When I visited Treblinka in October 1998, my tour guide told
me that 130 of the stones have the names of the cities or towns
from which the victims were deported to the death camp. The guide told me that
many relatives of those who died here come to the symbolic cemetery
and are disappointed to find that their village is not named
on any of the stones.
According to a pamphlet which I purchased
at the Visitor's Center, "The great monument in Treblinka
is a homage of the Polish people to those ashes lie under the
concrete plates of the symbolic cemetery. It is one of the most
tragic monuments of martyrdom in Poland."
My tour guide informed me that the ashes
of the 800,000 people who were murdered here were dumped in this
area and are now hidden underneath the concrete of the symbolic
cemetery and by the grass and tiny flowers which cover the area.
One of the 17,000 symbolic stones represents
the city of Kielce in central Poland, where 42 Jews were killed
by a mob of Polish citizens in a pogrom on July 4, 1946, long
after the Nazi occupation had ended. Today Kielce is a modern
industrial city with a population of 210,000, located between
Warsaw and Krakow. In 1939, the Jewish population was around
25,000, although until the early 1800s, Jews were barred from
living in the city. After the 1946 pogrom, many of the 300,000
Polish Holocaust survivors fled Poland and settled in other countries.
In 1968 there was more violence against the Jews in Poland, and
almost all of the survivors were forced to leave.
Since my visit to Treblinka in 1998,
I have learned that some tour guides now tell visitors that the
number of 17,000 stones in the symbolic cemetery represents the
highest number of Jews that were gassed in a single day when
the camp was in operation. Others say that the number 17,000
represents the number of Jewish communities that were destroyed
in the Holocaust.
The photograph below shows the 26-foot
granite memorial stone, which was designed to resemble a tombstone.

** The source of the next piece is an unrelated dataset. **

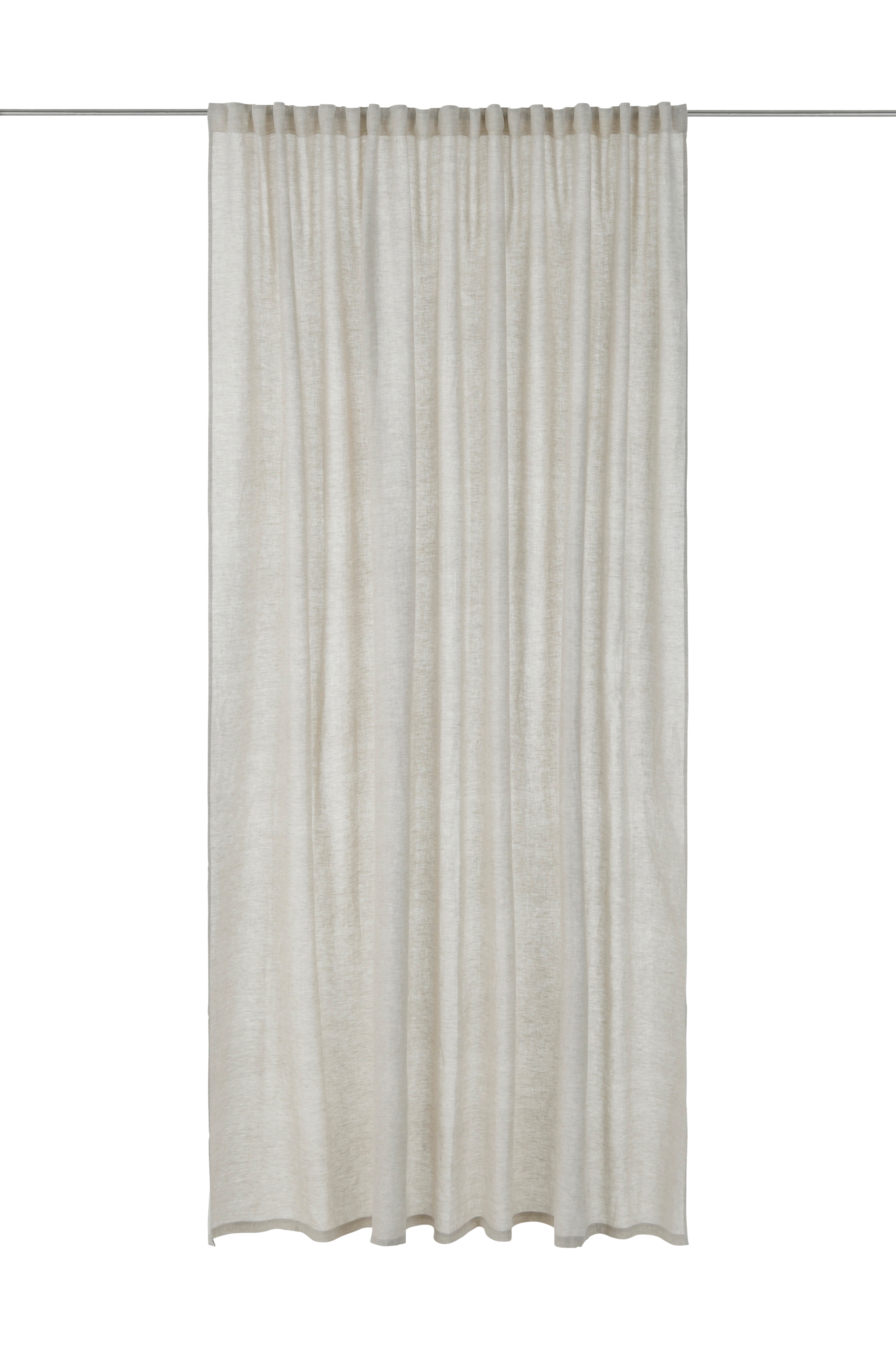 En extra bred multibandslängd i tvättat lin med vacker struktur. Multibandet gör att du antingen kan hänga gardinen direkt på en gardinstång genom de gömda hällorna eller använda ringar, nålkrokar eller fingerkrokar. Snören i rynkbandet gör att du lätt kan skapa jämna, fina veck. Kan även användas med rynkbandskrok. Bredd: 270 cm. Längd: 300 cm.
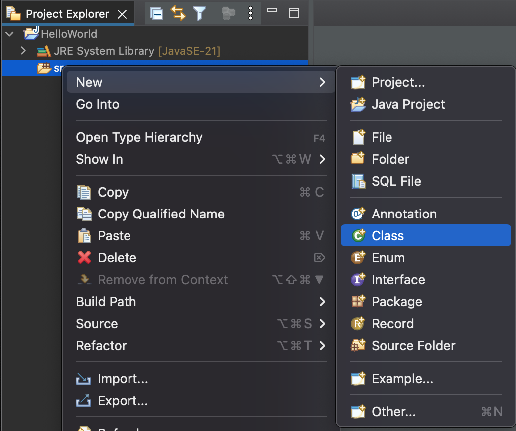 "src" 폴더에서 마우스 우클릭 하여 "New" -> "Class" 를 클릭 한다.

It is located approximately on the spot where the gas chambers
once stood, according to my guide. This view was taken from the
front side of the memorial stone, and you can see some of the
stones of the symbolic cemetery behind it. The large crack down
the middle of the stone is part of the design. Note the votive
candles placed between the cracks and the flowers left at the
base.
Front of stone monument
at Treblinka symbolic graveyard
According to the pamphlet that I obtained
from the Visitor's Center, the Treblinka memorial site was built
between 1959 and 1963. In February 1960, the Warsaw Regional
Council selected the design of Polish sculptor Franciszek Duszenko
and Polish architect Adam Haupt for the memorial stone and the
Symbolic Cemetery.
According to the Council, the design
of the symbolic cemetery would create a field of jagged stones
that suggest a cemetery consisting of 17,000 stones with 700
of the stones inscribed with the names of the Jewish villages
and communities in Poland that were obliterated by the Holocaust.
The photograph below shows the back side
of the memorial tombstone. When the death camp was in operation,
there was a narrow dirt path through a "tube" covered
with tree branches which led to the gas chamber building in this
spot. Notice the Menorah at the top of the tombstone.
Back side of stone
monument, surrounded by symbolic grave stones
Raul Hilberg wrote in his three-volume
book entitled "The Destruction of the European Jews"
that there were 700,000 bodies buried at Treblinka, and 50,000
bodies taken directly from the gas chambers and burned on pyres.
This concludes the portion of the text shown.